# [Task instructions]
Please reproduce the records below exactly, omitting any pictures they contain.

# [Data shown]
::::::::
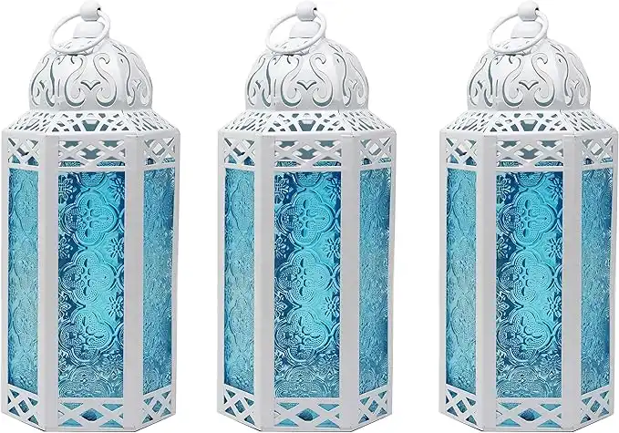 Vela Lanterns White Moroccan Lamp Lantern Decorative Candle Holder for Indoor Outdoor Home Decor, Patio, Weddings, Ramadan Decorations, Blue Glass, Medium, Set of 3 — Price History & Tracker | DeserTracker
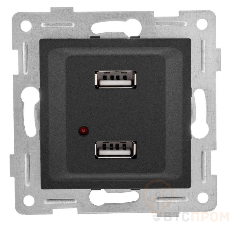 Розетка USB 2-м СП Ugra механизм графит GUSI С11USB2-010 фото в каталоге от BTSprom.by
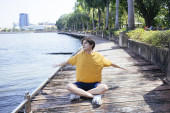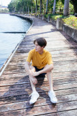 Facet w żółtej koszulce i niebieskich spodniach siedzi na balkonie nad jeziorem w parku i uśmiecha się.
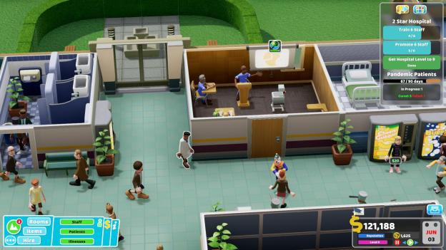 Two Point Hospital does require a decent amount of micromanagement of the staff, but the game alerts you to when most of it is necessary. It’s mostly hiring new staff, promoting them when it’s time, and training them so they can be promoted.
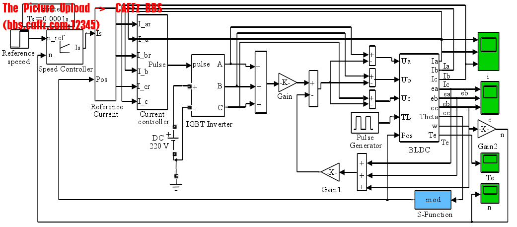 在Matlab7.0的Simulink环境下,利用SimPowerSystemToolbox提供的丰富模块库,在分析BLDC数学模型的基础上,提出了建立BLDC控制系统仿真模型的方法,系统设计框图如图5-3所示。BLDC建模仿真系统采用双闭环控制方案:转速环由PID调节器构成,电流环由电流滞环调节器构成。根据模块化建模的思想,将图3所示的控制系统分割为各个功能独立的子模块。图5-4即为BLDC建模的整体控制框图,其中主要包括:BLDCM本体模块、速度控制模块、参考电流模块、电流滞环控制模块、转矩计算模块和电压逆变器模块。把这些功能模块和S函数相结合,在Matlab/Simulink中搭建出BLDC控制系统的仿真模型,并实现双闭环的控制算法,图中各功能模块的作用与结构简述如下。
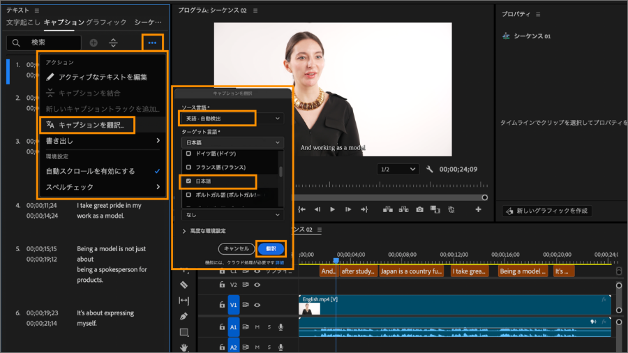 日本語で収録‧作成された動画をグローバルに展開する場合でも、海外言語の動画に日本語のキャプションを入れる場合でも、動画編集の手を止めて、文字起こしや翻訳の上りを待つ必要はもうありません。Premiere Proのこの一連のワークフローを実行することで、制作時間を劇的に減らすことができます。ぜひ試してみてください。
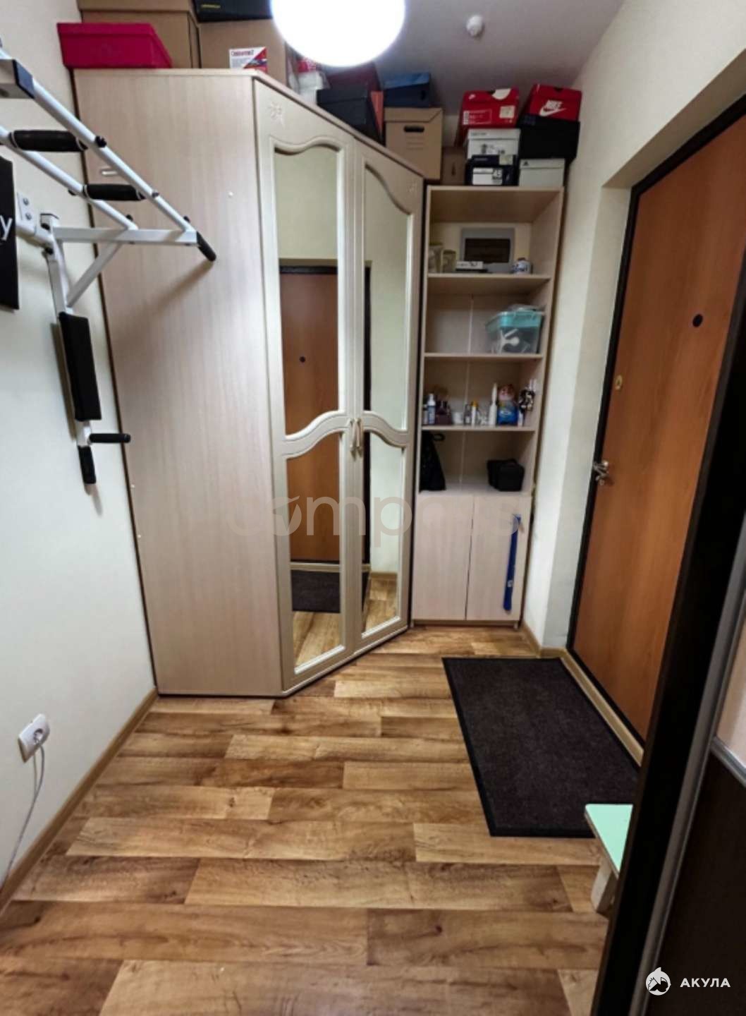 В Ванной комнате: бойлер, стиральная машинка. В коридоре: три шкафа.
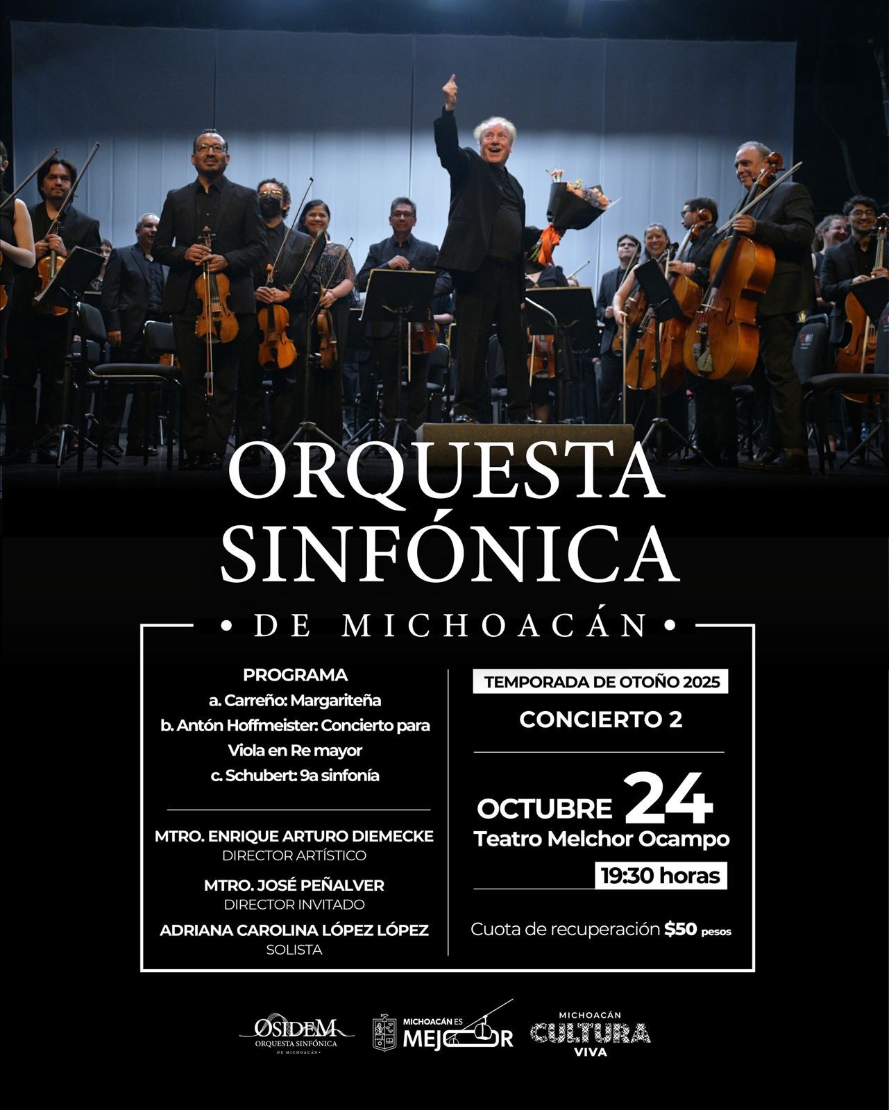 La Secretaría de Cultura de Michoacán (Secum) invita al público a disfrutar del segundo concierto de la Temporada de Otoño 2025 de la Orquesta Sinfónica de Michoacán (Osidem). La cita es el viernes 24 de octubre, a las 19:30 horas, en el Teatro Melchor Ocampo, con cuota de recuperación de 50 pesos.
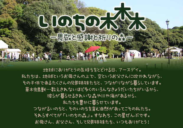 続きましては、アースデイつながりで、もうひとつのイベントもご紹介します。こちらは代々木公園のおとなり、明治神宮の森で開催されるイベントで、その名も「アースデイいのちの森2016」です。
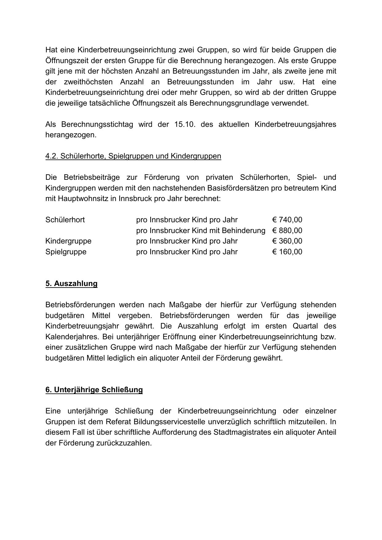 Die Betriebsbeiträge zur Förderung von privaten Schülerhorten, Spiel- und
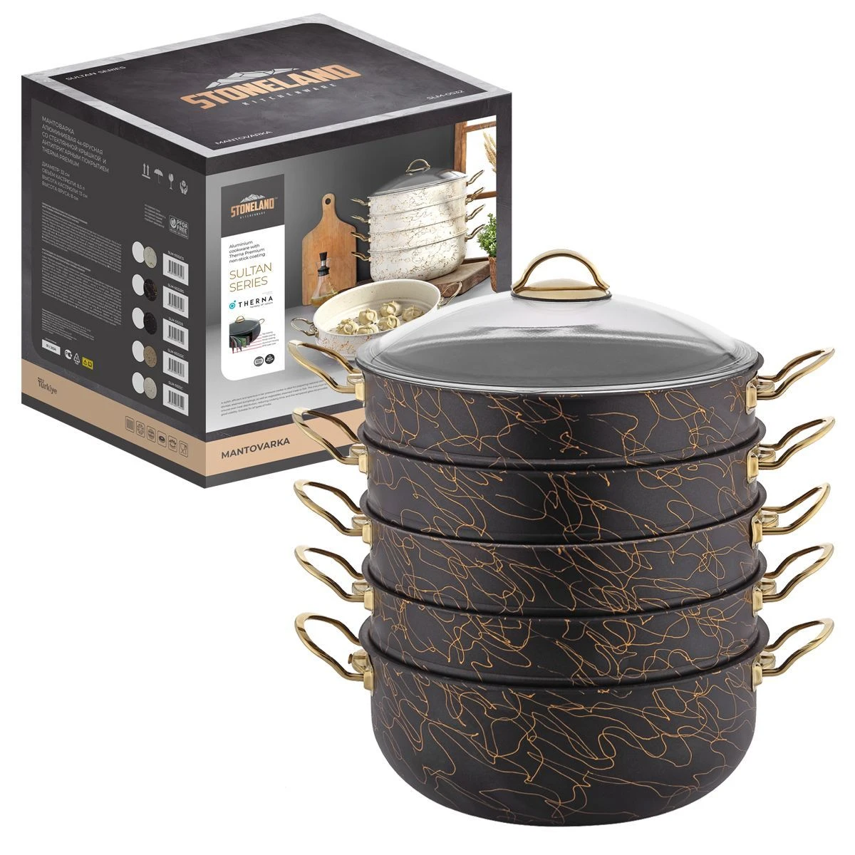 Мантоварка STONELAND SLM-0532BS Цвет: Черный спайдер Диаметр: 32 Высота: 13/8 Объем: 8,5 Производство: Турция Материал: Кованый алюминий Толщина дна/стенок: 2,5/1,8 мм Подходит: для всех видов плит, включая индукцию. Стеклянная крышка в комлекте.
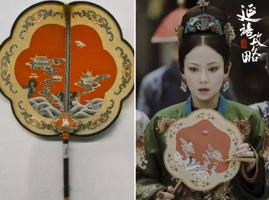 高贵妃所用之扇,则仿制了清朝“红色缂丝乌木雕花柄团扇”。
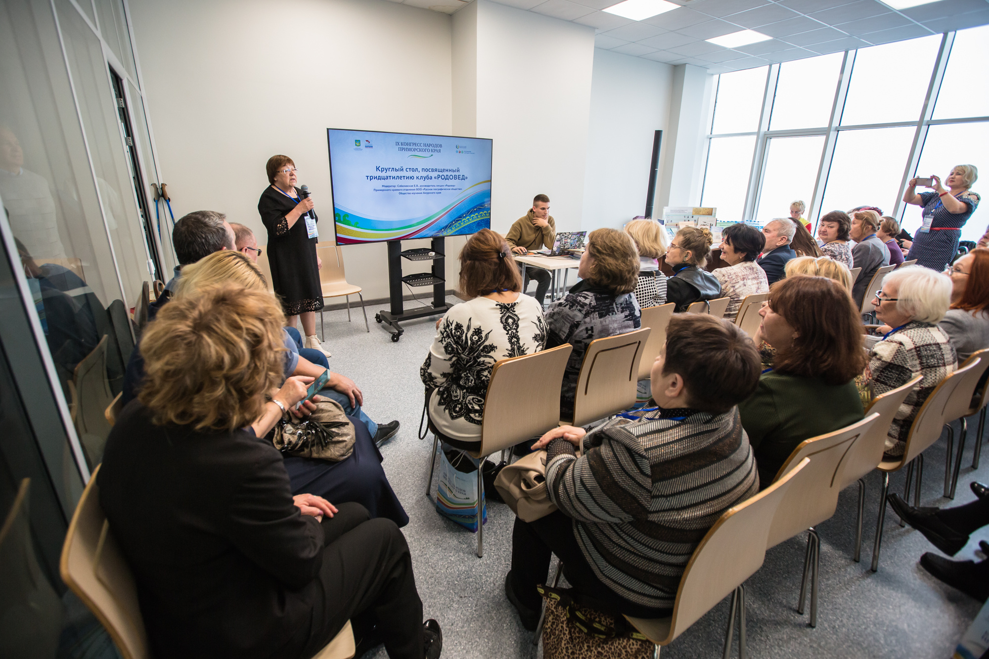 26 октября в рамках работы IX конгресса народов Приморского края состоялся круглый стол, посвященный юбилею клуба. В мероприятии приняли участие специалисты-генеалоги и люди, интересующиеся родоведением, со всего Дальнего Востока. С докладами выступили: Елена Соболивская – председатель клуба «Родовед» ПКО РГО – ОИАК (г. Владивосток), Елена Слободчикова – клуб «Амургенеалогия» (г. Благовещенск), Ольга Горелова – руководитель клуба «Находкинский родовед» (г. Находка), Ольга Жук – общество «Краевед им. В.К. Арсеньева», Елена Язовских – клуб «Арсеньевский родовед» (г. Арсеньев), Ольга Оришак – клуб «Родоведы Хабаровского края» (г. Хабаровск). Все докладчики, помимо официальных докладов о своей деятельности, преподнесли памятные тематические подарки клубу «Родовед».
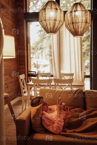 Подросток в повседневной одежде лежит с мобильным телефоном на диване
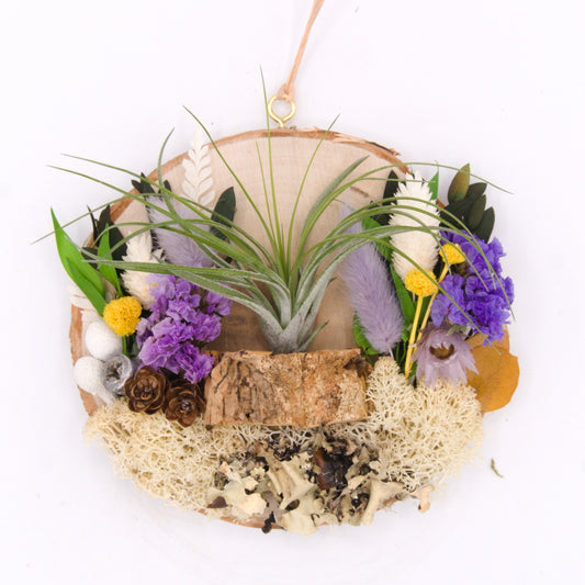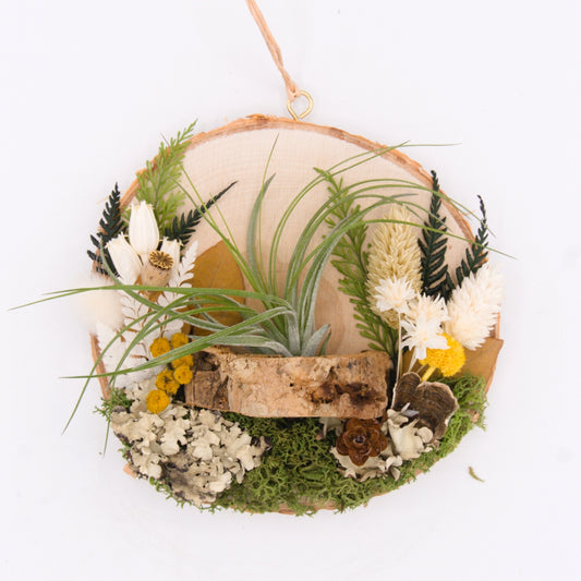 Découvrez notre collection d'ornements de plantes aériennes délicatement montés sur des plaques de bois de bouleau ornées d'un mélange de fleurs séchées et de mousse. Chaque pièce est ornée d'une plante aérienne vivante, ajoutant une touche d'élégance naturelle à n'importe quel espace.
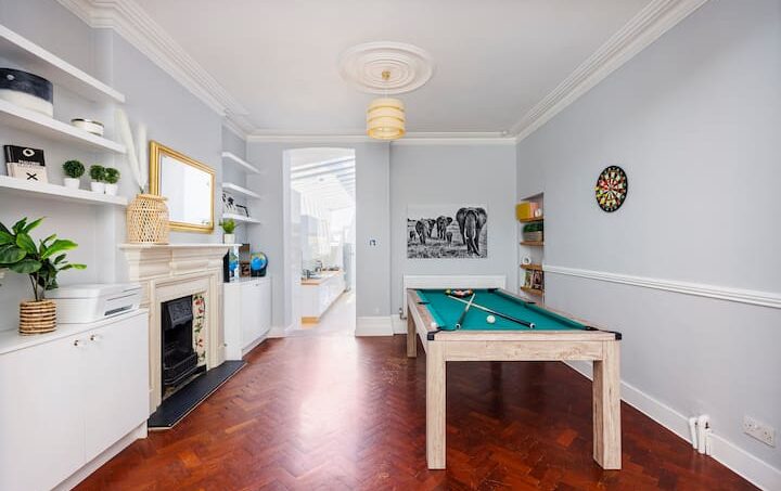 When you had enough of the outdoors, pop back into the living room and play a few games of pool to decide who takes the crown of the London vacation champion.
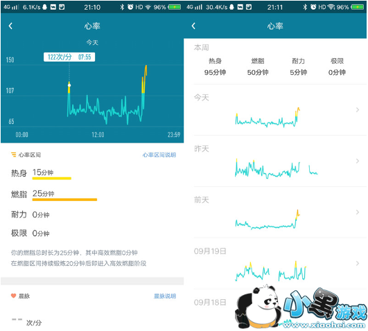 由于是不间断地监测心率,所以在APP上会有非常详细的心率记录曲线图,而且有不同色彩的曲线标识,用户可以根据当天的运动情况了解自己的心率是否存在问题。
::::::::
# [Your response]
 Vela Lanterns White Moroccan Lamp Lantern Decorative Candle Holder for Indoor Outdoor Home Decor, Patio, Weddings, Ramadan Decorations, Blue Glass, Medium, Set of 3 — Price History & Tracker | DeserTracker
 Розетка USB 2-м СП Ugra механизм графит GUSI С11USB2-010 фото в каталоге от BTSprom.by
 Facet w żółtej koszulce i niebieskich spodniach siedzi na balkonie nad jeziorem w parku i uśmiecha się.
 Two Point Hospital does require a decent amount of micromanagement of the staff, but the game alerts you to when most of it is necessary. It’s mostly hiring new staff, promoting them when it’s time, and training them so they can be promoted.
 在Matlab7.0的Simulink环境下,利用SimPowerSystemToolbox提供的丰富模块库,在分析BLDC数学模型的基础上,提出了建立BLDC控制系统仿真模型的方法,系统设计框图如图5-3所示。BLDC建模仿真系统采用双闭环控制方案:转速环由PID调节器构成,电流环由电流滞环调节器构成。根据模块化建模的思想,将图3所示的控制系统分割为各个功能独立的子模块。图5-4即为BLDC建模的整体控制框图,其中主要包括:BLDCM本体模块、速度控制模块、参考电流模块、电流滞环控制模块、转矩计算模块和电压逆变器模块。把这些功能模块和S函数相结合,在Matlab/Simulink中搭建出BLDC控制系统的仿真模型,并实现双闭环的控制算法,图中各功能模块的作用与结构简述如下。
 日本語で収録‧作成された動画をグローバルに展開する場合でも、海外言語の動画に日本語のキャプションを入れる場合でも、動画編集の手を止めて、文字起こしや翻訳の上りを待つ必要はもうありません。Premiere Proのこの一連のワークフローを実行することで、制作時間を劇的に減らすことができます。ぜひ試してみてください。
 В Ванной комнате: бойлер, стиральная машинка. В коридоре: три шкафа.
 La Secretaría de Cultura de Michoacán (Secum) invita al público a disfrutar del segundo concierto de la Temporada de Otoño 2025 de la Orquesta Sinfónica de Michoacán (Osidem). La cita es el viernes 24 de octubre, a las 19:30 horas, en el Teatro Melchor Ocampo, con cuota de recuperación de 50 pesos.
 続きましては、アースデイつながりで、もうひとつのイベントもご紹介します。こちらは代々木公園のおとなり、明治神宮の森で開催されるイベントで、その名も「アースデイいのちの森2016」です。
 Die Betriebsbeiträge zur Förderung von privaten Schülerhorten, Spiel- und
 Мантоварка STONELAND SLM-0532BS Цвет: Черный спайдер Диаметр: 32 Высота: 13/8 Объем: 8,5 Производство: Турция Материал: Кованый алюминий Толщина дна/стенок: 2,5/1,8 мм Подходит: для всех видов плит, включая индукцию. Стеклянная крышка в комлекте.
 高贵妃所用之扇,则仿制了清朝“红色缂丝乌木雕花柄团扇”。
 26 октября в рамках работы IX конгресса народов Приморского края состоялся круглый стол, посвященный юбилею клуба. В мероприятии приняли участие специалисты-генеалоги и люди, интересующиеся родоведением, со всего Дальнего Востока. С докладами выступили: Елена Соболивская – председатель клуба «Родовед» ПКО РГО – ОИАК (г. Владивосток), Елена Слободчикова – клуб «Амургенеалогия» (г. Благовещенск), Ольга Горелова – руководитель клуба «Находкинский родовед» (г. Находка), Ольга Жук – общество «Краевед им. В.К. Арсеньева», Елена Язовских – клуб «Арсеньевский родовед» (г. Арсеньев), Ольга Оришак – клуб «Родоведы Хабаровского края» (г. Хабаровск). Все докладчики, помимо официальных докладов о своей деятельности, преподнесли памятные тематические подарки клубу «Родовед».
 Подросток в повседневной одежде лежит с мобильным телефоном на диване
 Découvrez notre collection d'ornements de plantes aériennes délicatement montés sur des plaques de bois de bouleau ornées d'un mélange de fleurs séchées et de mousse. Chaque pièce est ornée d'une plante aérienne vivante, ajoutant une touche d'élégance naturelle à n'importe quel espace.
 When you had enough of the outdoors, pop back into the living room and play a few games of pool to decide who takes the crown of the London vacation champion.
 由于是不间断地监测心率,所以在APP上会有非常详细的心率记录曲线图,而且有不同色彩的曲线标识,用户可以根据当天的运动情况了解自己的心率是否存在问题。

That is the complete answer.